# The about turns....



## Liesje (Mar 4, 2007)

I am training Kenya for an upcoming trial (SDA, not SchH but close enough at her level). I'm working on cleaning up her heeling a bit, especially turns and corners. Is there any reason to choose one style of the about turn over another? I think going around my back is easier, but then I have to switch the leash. To me the pivot-y one looks really nice when done well. Right now we can do both, should I keep working them both or pick one and tighten it up? Do some judges prefer one over the other?


----------



## Chris Wild (Dec 14, 2001)

I've always done the round-the-back about turn, and probably always will just because it's what I'm used to and comfortable with. And IMO, the Euro (pivot) turn is sort of like the Military (flip) finish. When done perfectly it's beautiful to watch. But it's rarely done perfectly and then it just looks sloppy. IMO it's easier to execute a correct round-the-back turn (and finish), especially with longer backed breeds like GSDs. I've never encountered a judge who showed preference of one over the other.


----------



## Liesje (Mar 4, 2007)

Good to know. The main reason I've considered sticking with the pivot is that for the RE we have to do 180 left pivots, so we have to be able to do it regardless of SchH/SDA heeling patterns. In fact, we had it on an RA course, but since it was Advanced A the judge said she would allow shuffling of our feet as long as we kept them in an imaginary square-foot box (and of course at that level we could still hand target/lure). I need to practice a 180 left without my dog, lol! I wonder if I can do one of each during the trial?
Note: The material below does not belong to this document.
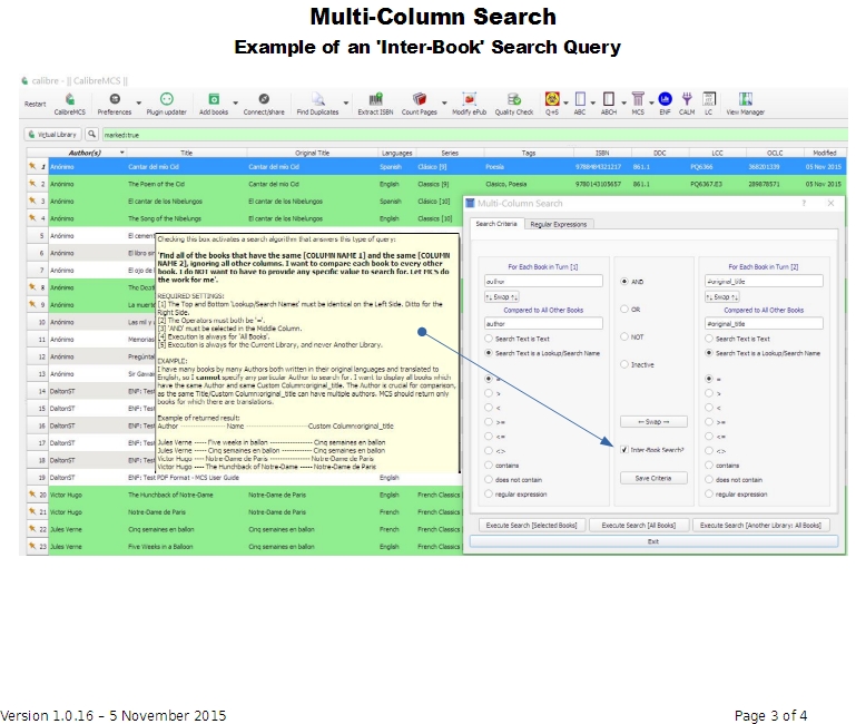 There is already a way to easily correlate different languages of the same book to each other without developing a new plugin for that sole purpose. [1] Install the 'Multi-Column Search' plugin. [2] Install the 'View Manager' plugin. [3] Create a custom column named '#original_title'. [4] Populate '#original_title' with the original title used by the Author. In your example, it would be 'Airframe', and each of your 3 books would then have 'Airframe' as their '#original_title', with only the English version having a Title of 'Airframe'. The others would obviously be the translated names based on their languages. [5] Customize 'View Manager' to include '#original_title', and change the sort to be: Author; '#original_title'; Title. [6] Create a custom column named '#translation_group'. [7] Using the 'Multi-Column Search' plugin as described in Page 4 of its User Guide, and which is attached below, search using an Inter-Book Query. [8] For each 'group' returned in the Search Results, add whatever value you would like in the '#translation_group' custom column. [9] Create a Virtual Library with the stated criterion of: '#translation_group:True' [10] Whenever you want to only look at books for which you have multiple languages, invoke that Virtual Library. DaltonST Last edited by DaltonST; 11-06-2015 at 10:52 AM. |

For the SchH finish we will go 'round the back. Again, she has to do both for rally, but her left finish (which I call "swing"), is more of her leaping up and turning around rather than just scooting her but in a 180. Plus her right finish 'round the back tends to end up in a more precise heel position.


----------



## Chris Wild (Dec 14, 2001)

> Originally Posted By: Liesje I wonder if I can do one of each during the trial?


No! At least not in SchH. The same finish and about turn must be used throughout the routine. Doesn't matter which one you use, but it must be consistent. You can't do one turn at one part of the pattern and a different one at a different part of the pattern.

Not sure about SDA as I don't see it specified in their rules, but I would expect it's the same.


----------



## Liesje (Mar 4, 2007)

OK, I'll just use the same one. I can see myself practicing and practicing the pivot and then doing around the back for the trial, lol.


----------



## Mark B (Feb 3, 2009)

Use the one the dog does the best in schutzhund. You want to get the most points possible.

Mark
http://www.ultimatekanine.com


----------



## Liesje (Mar 4, 2007)

Does anyone have any YouTubes showing the pivot style turns pretty close up? I've been looking through some but a lot of heeling routines I found were filmed from far away. I'd like to see some really nice ones. Mals are fine.

Today I tried going back to the 'round the back but didn't like it, it wasn't tight at all and I am such a clutz with leashes. I just KNOW I would get nervous and drop it or tangle it during a trial. So I guess I'll try the pivot style since we need it for rally, and if it's not the greatest, oh well, I'm not out to be winning (this dog is not doing SchH beyond the BH or the SDA FO and OB1). Rally gives us more leeway so even a somewhat decent SchH pivot would probably not lose us points in rally.


----------



## Mark B (Feb 3, 2009)

John Soares has a good one on youtube

Mark
http://www.ultimatekanine.com


----------



## Liesje (Mar 4, 2007)

Thanks, I'm watching the one with the Mal


----------



## Mark B (Feb 3, 2009)

this is the one i was talking about.

http://youtube.com/watch?v=PhUiZSLFreY

Mark
http://www.ultimatekanine.com


----------



## ramgsd (Jun 9, 2007)

If your dog maintaims perfect heeling position then just choose which you feel more comfortable with doing. Although, how many dogs maintain PERFECT heeling position? Not many, most will either lag a little or forge a little. 

If the dog forges a little always go with the round-about turn. This will make for a faster turn since he's already on his way to begin with. 

If the dog lags behind slightly, then go with the pivot. He's already closer to the position. Making him do the round-about will make him cover more ground from the start to the finish of the turn. So he'll end up nearly running to get back in postion and the judge can't help but notice.


----------



## Liesje (Mar 4, 2007)

^ Good point. Generally if anything, she lags. She doesn't usually forge. If she's really excited or anxious she might wrap in front of me and crowd me, in which case I often throw in a left turn to bump her back where I want her.


----------